Here’s the thing. Your old school horrors, like Halloween and so on… their endings were completely open ended, each time, because the makers were never entirely sure there’d be enough interest for another installment. Heck, even when the good guys kill the demonic serial killer, the series can be and is resurrected.
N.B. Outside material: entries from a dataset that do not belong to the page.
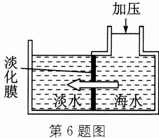 6. 如图,对淡化膜右侧的海水加 $ 60 $ 倍大气压,水分子可以透过淡化膜进入左侧淡水池,而海水中的其他成分不能通过淡化膜,从而得到淡水。下列对加压后右侧海水成分变化的分析正确的是 ( )
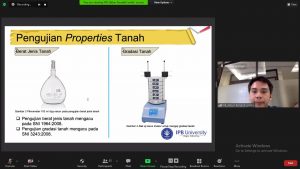 Kegiatan ini dibagi menjadi dua sesi dimana pada setiap sesi terdapat tiga pembicara dari tiga perguruan tinggi berbeda yang akan mempresentasikan risetnya. Sesi pemaparan materi dan sesi diskusi dipandu oleh Saudara Yusril Ramadhan (C’18) selaku moderator. Pada sesi pertama, materi dibawakan oleh Saudara Andika Monanta Emilidardi (UGM) dengan tema “Shear Panel Damper Sebagai Sistem Peredam Gempa Struktur Jembatan Berbiaya Murah”; Saudara Teguh Priono (UNHAS) dengan tema “Perilaku Mekanik dan Ketahanan Beton Berbahan Pasir Slag Nikel dan Fly Ash”; dan Saudari Pradyta Galuh (IPB) dengan tema “Pengaruh Dissolved Organic Carbon (DOC) pada Efektivitas Perbaikan Tanah Gambut dengan Metode Calcite Precipitation.” Kemudian dilanjutkan pada sesi kedua, materi dibawakan oleh Saudara Amanda Gultom (UGM) dengan tema “Perancangan Ulang Rumah Instan Struktur Baja Menggunakan Profil Pipa Untuk Berbagai Wilayah Zona Rawan Gempa”; Saudari Febrika Rahmania Nurul (UNHAS) dengan tema “Kuat Tekan Mortar Berbahan Terak Nikel Granulasi Sebagai Pengganti Pasir”; dan Saudara Akbar Renaldi Loebis (IPB) dengan tema “Efektivitas Calcite Precipitation dengan Biocatalyst Bubuk Kedelai Sebagia Meode Biogrouting pada tanah Terlikuifaksi.”
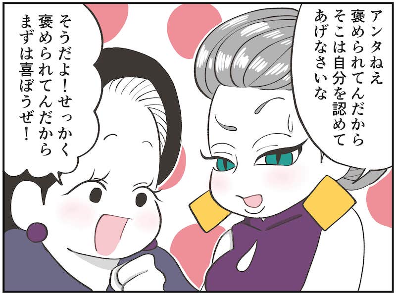 というのも、褒められることに慣れていないので、なんだか気恥ずかしさを感じてしまうんです。自虐的なことを言うと、その恥ずかしさが少し和らぐ気がするし……。しかも褒められると謎に不安になってきたりします。その不安との調和を保つために「いやいや! 私なんて体重〇〇キロのデブですから!」みたいな、全然関係ない自虐発言をしてしまいます。なんなら多めに。
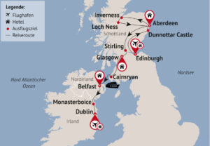 Hin- und Rückflug mit renommierter Fluggesellschaft (ggf. mit Zwischenstopp) nach Edinburgh und zurück von Dublin in der Economy Class. Rundreise im komfortablen Reisebus mit deutschsprachiger Reiseleitung. Umfassendes Ausflugspaket. Übernachten in RRR bis RRR Hotels.
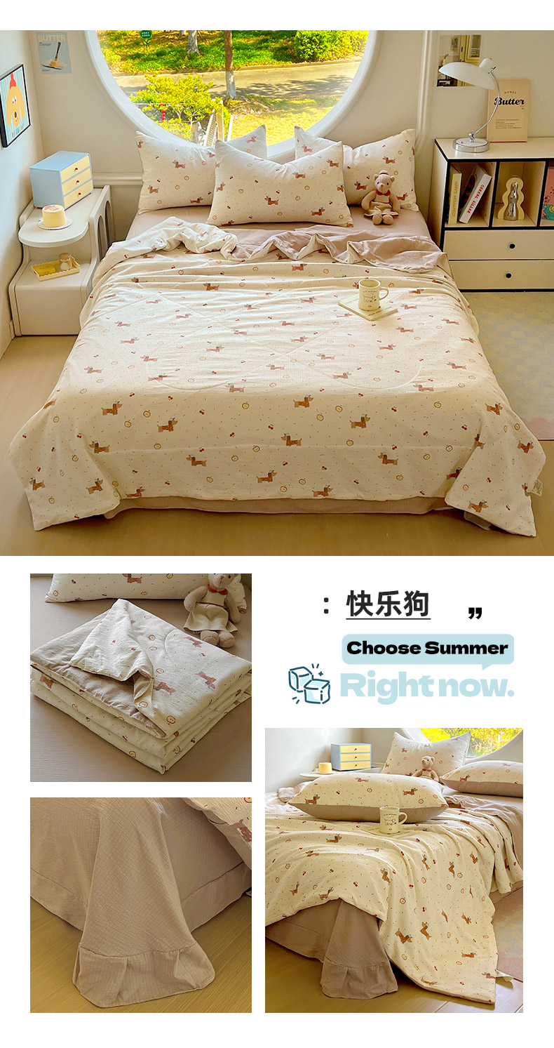 商品名称:金梦拉家纺 2025新款A类提花纱布双层纱夏被四件套 夏被-快乐狗
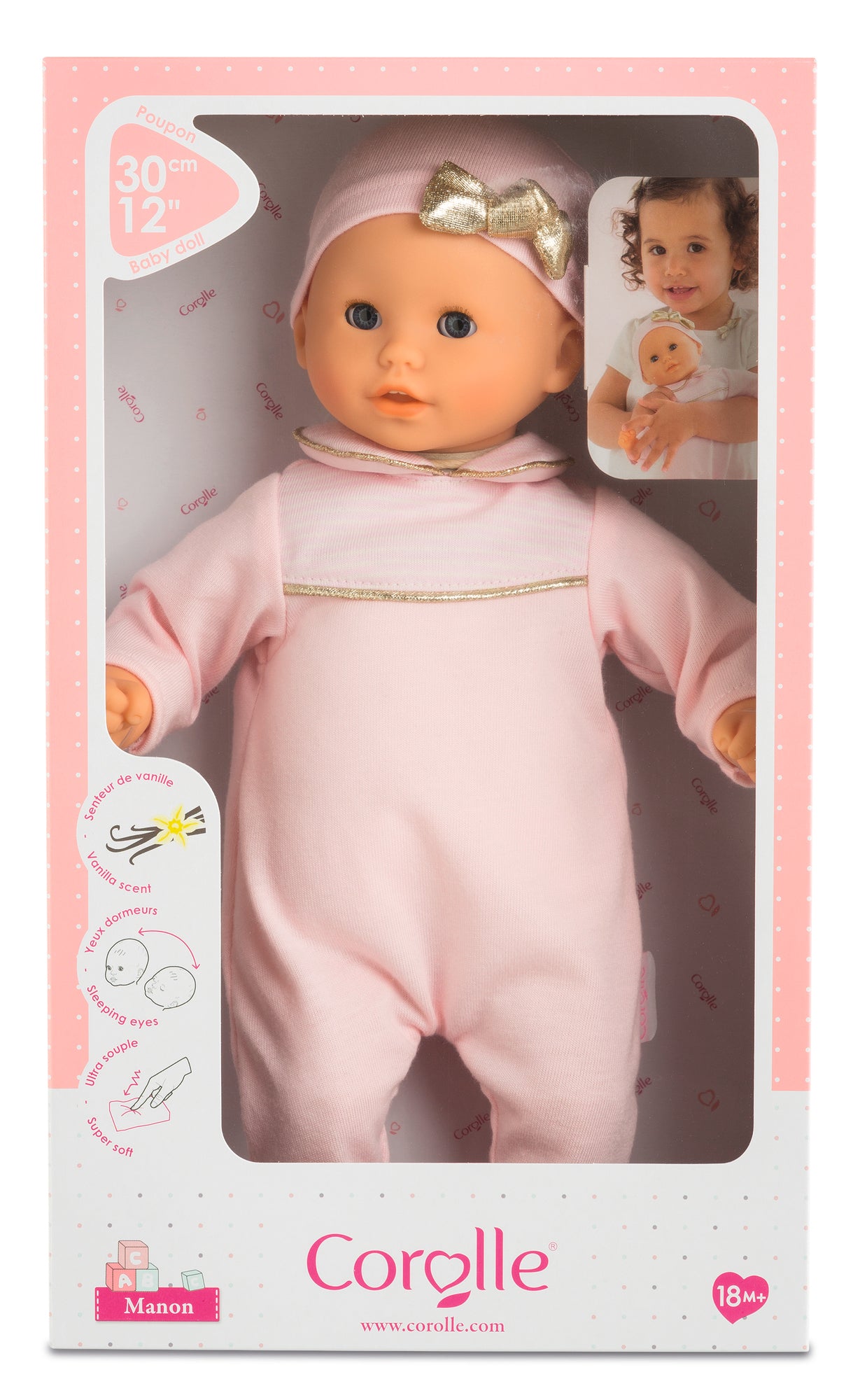 Bébé Calin Manon este o papusa de 30 cm, cu corpul moale,articulat ca al unui bebelus adevarat, iar ochii sai albastri adormiti se inchid atunci cand este pus jos pentru un pui de somn. Fata, bratele si picioarele papusii sunt realizate din vinil moale la atingere, care este delicat parfumat cu vanilie.

With Saw III, though, there’s a different kind of ending. Obviously I won’t spoil it here, but when you see it you’re satisfied with the end of the movie AND you’re very interested in seeing more. In other words, a perfect ending for both producer and viewer. Oh, and it’s no great revelation that the intrigue at the end of Saw III is a nearly brand-new plot thread. I don’t mean that it comes out of nowhere, like a teasing deus ex machina.
284 – Saw III
“Why should I see Saw III,” you ask, deftly avoiding yet another lame pun on the movie’s title. “I didn’t see Saw or Saw II.” Well, first of all, if you didn’t see those two, shame on you. I’ll forgive you, of course, because I’m nice, but shame on you nonetheless. Both of the previous two Saw films are fantastic horror films, a real credit to the genre. I mean, they’re eye-popping in their gore, but there’s enough of a psychological undertone do always keep the audience guessing.
It is, as you might surmise, the same with III. Only, heavy is the head that wears the crown; the team behind the Saw films are victims of their own creativity. It’s one thing to churn out meaningless sequels when all you’re doing is splattering nubile twits, but when you’re following Saw and Saw II, you have to fight to reach the bar you’ve set for yourself.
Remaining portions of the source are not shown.